This code as written is fairly unsuitable for SPEs since it's so branch-heavy. Also, information on the types of the variables involved would help; the test as written seems fairly obscure (even with the >0
fix), but the code looks like it might be C++ using some sort of vector class that overloads operator -
to mean vector subtraction and operator *
of two vectors to compute a dot product.
The first thing to do with such simple loops on SPEs is to get them branch-free (at least the inner loop; i.e. unroll a couple of times and only check for early exit every N iterations) and use SIMD instructions: SPEs only have SIMD instructions, so not using SIMD processing in your loops instantly wastes 75% of your available register space and computational power. Similarly, SPEs can only load aligned qwords (16 bytes) at a time, using smaller data types requires extra work to shuffle the contents of registers around so that the value you're trying to load ends up in the "preferred slot".

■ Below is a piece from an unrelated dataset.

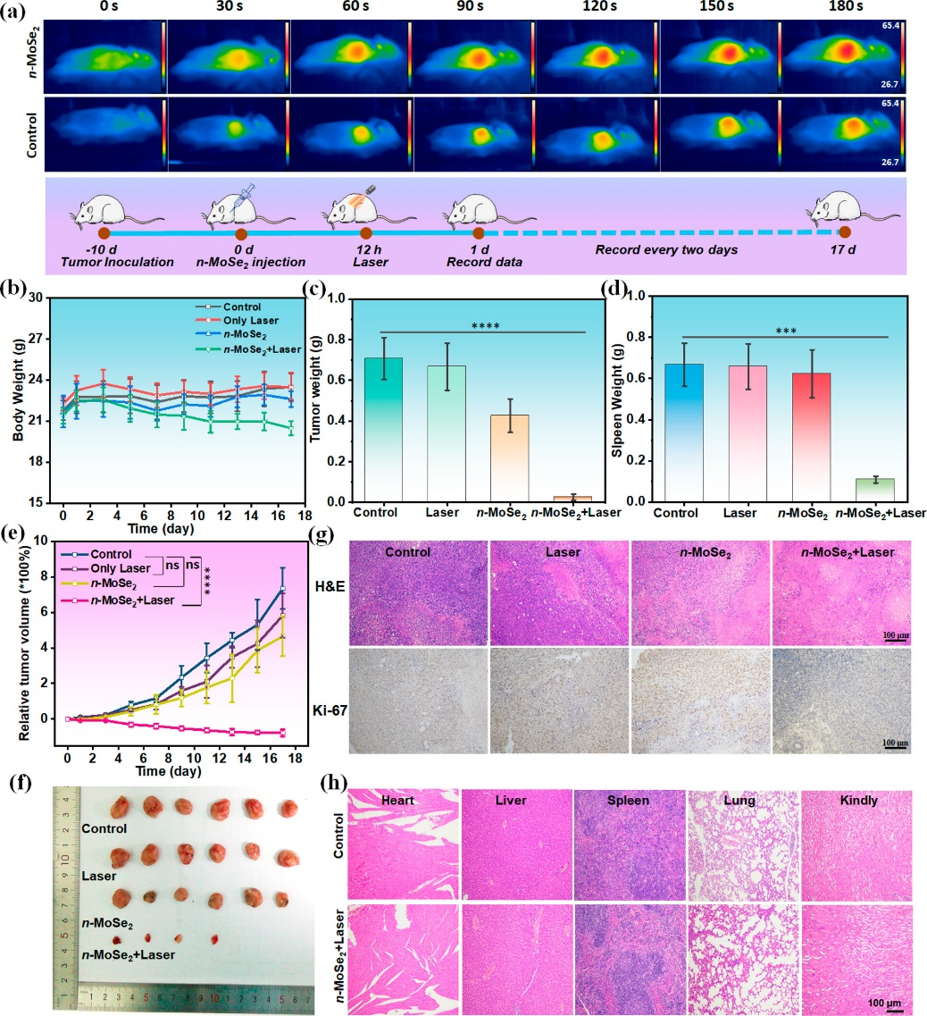 在不额外引入活性氧物种的情况下,H2O2异裂剧烈分解产生大量•OH物种,有效清除GSH,导致线粒体功能障碍,并阻碍ATP的合成,最终导致癌细胞凋亡。更关键的是,类金属n-MoSe2纳米酶对细胞核造成了不可修复的DNA损伤,这一点通过γ-H2AX免疫荧光染色法进行了评估。类金属n-MoSe2纳米酶对4T1荷瘤BALB/c小鼠展示出优异的抗肿瘤活性,肿瘤生长明显延迟,激光照射后肿瘤随治疗时间延长逐渐消失,到第15天肿瘤几乎完全消除。治疗完成后的小鼠其生化指标、ATP含量恢复正常,表明基于近红外激光照射的类金属n-MoSe2纳米酶具有不同寻常的肿瘤抑制作用。

You get rid of the if (k == i || k == j)
by rewriting the first part of the loop using the following branch-free form (this is pseudocode. It's immediately applicable for ints, but you'll need to use intrinsics to get bitwise ops on floats):
dd = q2_vect[k] - q1_vect;
d2 = dd * dd;
d2 &= ~(cmp_equal(k, i) | cmp_equal(k, j));
Here, cmp_equal
corresponds to the respective SPE intrinsics (semantics: cmp_equal(a,b) == (a == b) ? ~0u : 0
). This forces d2
to zero when k == i
or k == j
.
To avoid the if (d2 > 0)
branch in the inner loop, do the following:
a |= cmp_greater(d2, 0);
and only check if a
is nonzero (to early-out) every few loop iterations. If all values computed for d2
are nonnegative (will be the case if your type is ints, floats or a real-valued vector class), you can simplify this further. Just do:
a |= d2;
In the end, a
will only be nonzero if all of the individual terms were nonzero. But be careful with integer overflows (if you're using ints) and NaNs (if you're using floats). If you have to handle these cases, the above simplification will break the code.